To prove that indeed, L(M1) = L1, we show inductively on strings that
    delta*(q0,x) = q0 if |x| is even and q1 if |x| is odd. Showing this is easy, and this implies
    what we want, because it shows that the terminal state is q0 if x is in L and q1 if not, and 
    since F = {q0} we get L(M1)= L1.

* consider this (new) example. This time I will describe the language using a regular expression L = L( 0*1*).
  In words, L is th elanguage of strings that start with a certain number of zeros (perhaps none) and end with 
  a certain number of 1s (perhaps none).
  The machine will have states q0, q1 q2. 
     - from q0 we move to q0 if we read a 0 and to q1 if we read a 1.
     - from q1 we move to q2 if we read a 0 and to q1 if we read a 1.
     - from q2 we move to q2 whatever the character is.
    F = {q0,q1}.

  To prove that L(M) = L  we give "meaning" to the states. 
  q0 represents reading a string with only zeros (perhaps none).
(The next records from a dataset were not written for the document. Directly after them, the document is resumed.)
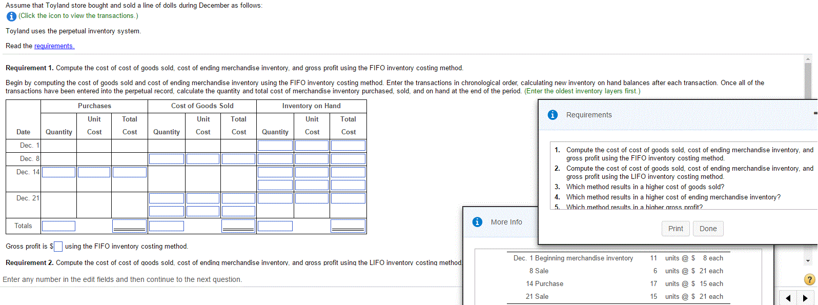 . The controller uses the information in the above table to calculate the cost of goods sold for the month of December as well as inventory balance as of the end of December. 300 500 06 or 60. Compute gross profit for August using FIFO LIFO and weighted-average inventory costing methods Sales Revenue Cost of Goods Sold Gross profit 5200 FIFO 5500 LIFO 5260 Weighted-average Requirement 1.
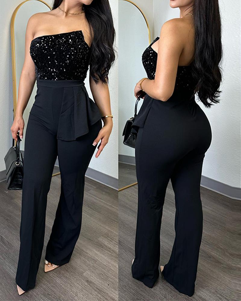 Contrast Sequin Asymmetrical Hem Jumpsuit, Black
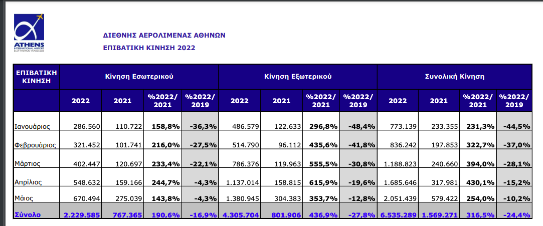 Συγκεντρωτικά κατά τη διάρκεια των πέντε πρώτων μηνών της φετινής χρονιάς, η επιβατική κίνηση του μεγαλύτερου αεροδρομίου της χώρα μας ανήλθε, όπως προαναφέρθηκε, σε 6,5 εκατ. από μόλις 1,57 εκατ. του πρώτο πενταμήνου του 2021, ενώ κατά το ίδιο διάστημα του 2019, το αντίστοιχο νούμερο ήταν στα 8,6 εκατ. επιβάτες. Φέτος, οι επιβάτες εσωτερικού παρέμειναν κάτω από τα επίπεδα του 2019 κατά 16,9%, φθάνοντας συνολικά τα 2,23 εκατ., ενώ οι διεθνείς επιβάτες κατά 27,8% στα 4,3 εκατομμύρια.
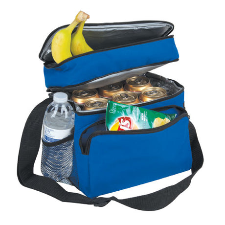 Feature: Zippered insulated compartment holds 6 packs of 12 oz. cans, zippered front pocket, outside cell phone and mesh bottle pockets, adjustable shoulder strap
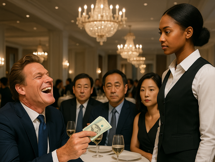 Les billets tombèrent sur son plateau comme une gifle. Pour les hommes à la table, ce n’était qu’un jeu. Pour Jasmine, c’était une fortune — de quoi payer les soins de sa mère et offrir un avenir à sa sœur. Mais elle comprit vite : cette proposition n’était pas un geste de générosité, c’était un test de domination.
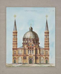 Progetto di chiesa con due campanili laterali e cupola
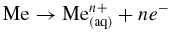 Un metallo (Me) che viene immerso in una soluzione di un suo sale (contenente quindi suoi ioni positivi) manifesta una sua propria tendenza a passare in soluzione trasformandosi esso stesso in ione positivo, Men+:
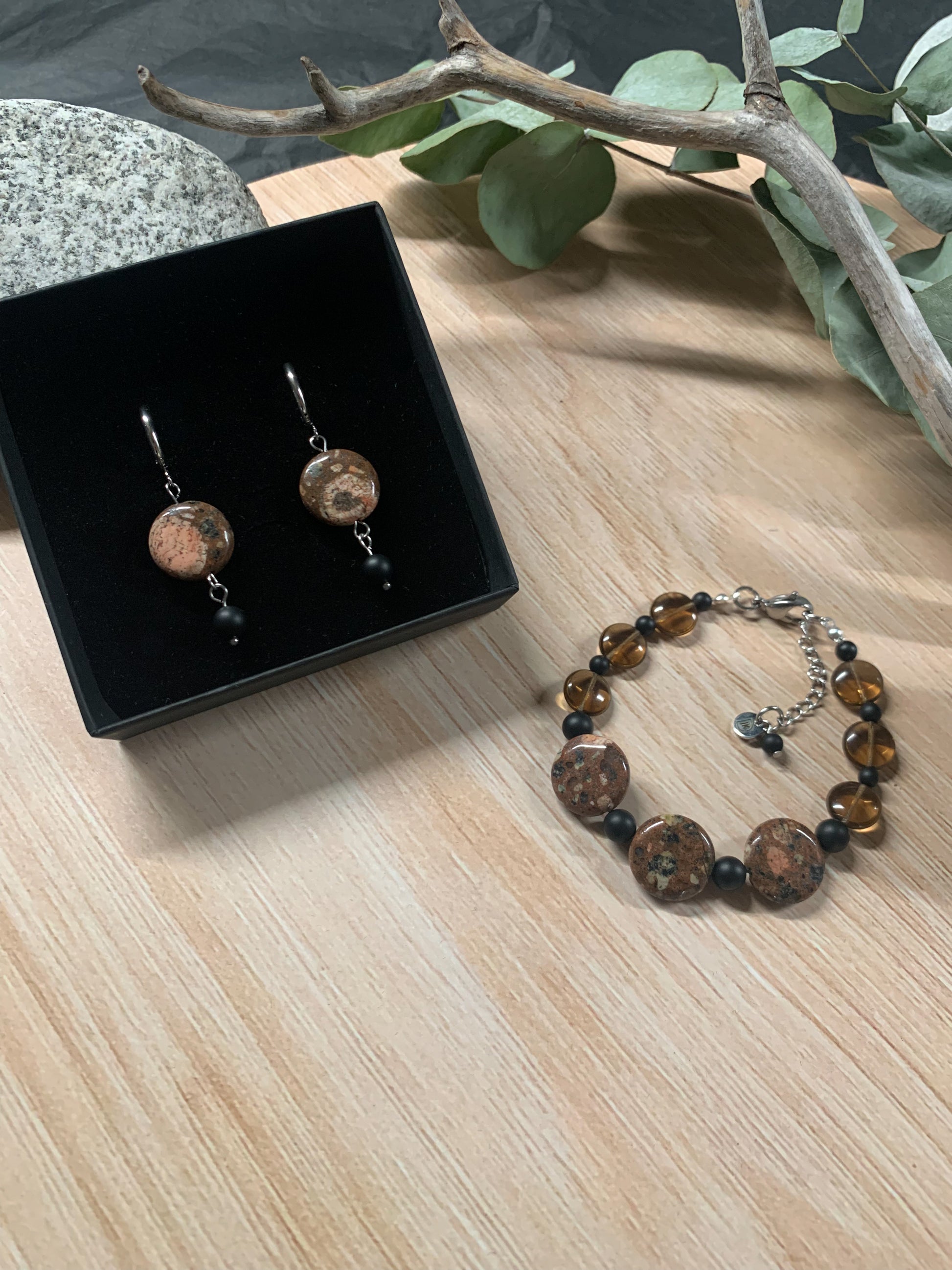 The jewelry uses genuine natural gemstones Agate and Obsidian. The metal parts are made of high-quality, hypoallergenic surgical steel.
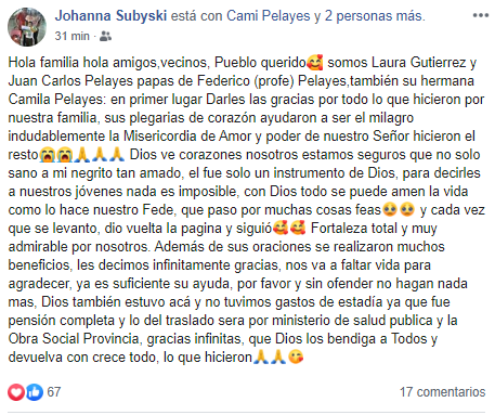 La familia del querido docente sarmientino comunicó a través de la red social Facebook sobre el estado de salud y su pronto regreso. Además agradecieron por las oraciones y ayuda recibida. El traslado estará a cargo del Ministerio de Salud Pública y la Obra Social Provincia.  Con este posteo agradecieron sus padres:  Hola familia hola amigos,vecinos, Pueblo querido???? somos Laura Gutierrez y Juan Carlos Pelayes papas de Federico (profe) Pelayes,también su hermana Camila Pelayes: en primer lugar Darles las gracias por todo lo que hicieron por nuestra familia, sus plegarias de corazón ayudaron a ser el milagro indudablemente la Misericordia de Amor y poder de nuestro Señor hicieron el resto???????????????????? Dios ve corazones nosotros estamos seguros que no solo sano a mi negrito tan amado, el fue solo un instrumento de Dios, para decirles a nuestros jóvenes nada es imposible, con Dios todo se puede amen la vida como lo hace nuestro Fede, que paso por muchas cosas feas???????? y cada vez que se levanto, dio vuelta la pagina y siguió???????? Fortaleza total y muy admirable por nosotros. Además de sus oraciones se realizaron muchos beneficios, les decimos infinitamente gracias, nos va a faltar vida para agradecer, ya es suficiente su ayuda, por favor y sin ofender no hagan nada mas, Dios también estuvo acá y no tuvimos gastos de estadía ya que fue pensión completa y lo del traslado sera por ministerio de salud publica y la Obra Social Provincia, gracias infinitas, que Dios los bendiga a Todos y devuelva con crece todo, lo que hicieron????????????
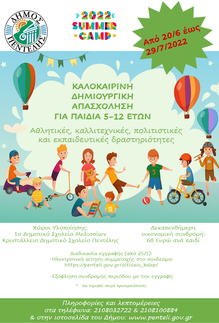 Ο Δήμος Πεντέλης ενημερώνει ότι θα υλοποιήσει πρόγραμμα καλοκαιρινής δημιουργικής απασχόλησης παιδιών ηλικίας από 5 έως 12 ετών, από Δευτέρα 20/6/2022 μέχρι Παρασκευή 29/7/2022.

Call this type 1 string.
  q1 represents reading a string with zeros followed by a positive number of ones. Call this type 2 string. 
  q2 represents reading a string that have zeros after ones. Call this type 3 string.

  Let's show the above meanings. 
  Notice that the above three types of strings cover the whole set of strings and are exclucive. In other words, 
  every string is precisely one of the above types of strings.
  The empty string corresponds to type 1 and of course after reading it the machine is at state q0.
  Consider a string xa. 

  If x is of type 1 then delta*(q0,x) = q0 (inductively). Now if a is zero we stay at q0 and indeed xa is of type 1.  If a is 1 then we move to q1 and indeed xa is of type 2.

  If x is of type 2 then delta*(q0,x) = q1. If a is 0 then xa is of type 3 and the machine moves to q2. If
  If a is 1 then xa is of type 2 and the machine stays at q1.

  If x is of type 3 then delta*(q0,x) = q2. No matter what a is xa is also of type 3. Also, from q2 the machine
  must stay in q2.

  We have shown that delta*(q0,xa) is consistent with the description of the meaning of the states above.

  To complete the proof, notice that types 1 and 2 are in L while type 3 is not, hence since F= {q0,q1} we are done.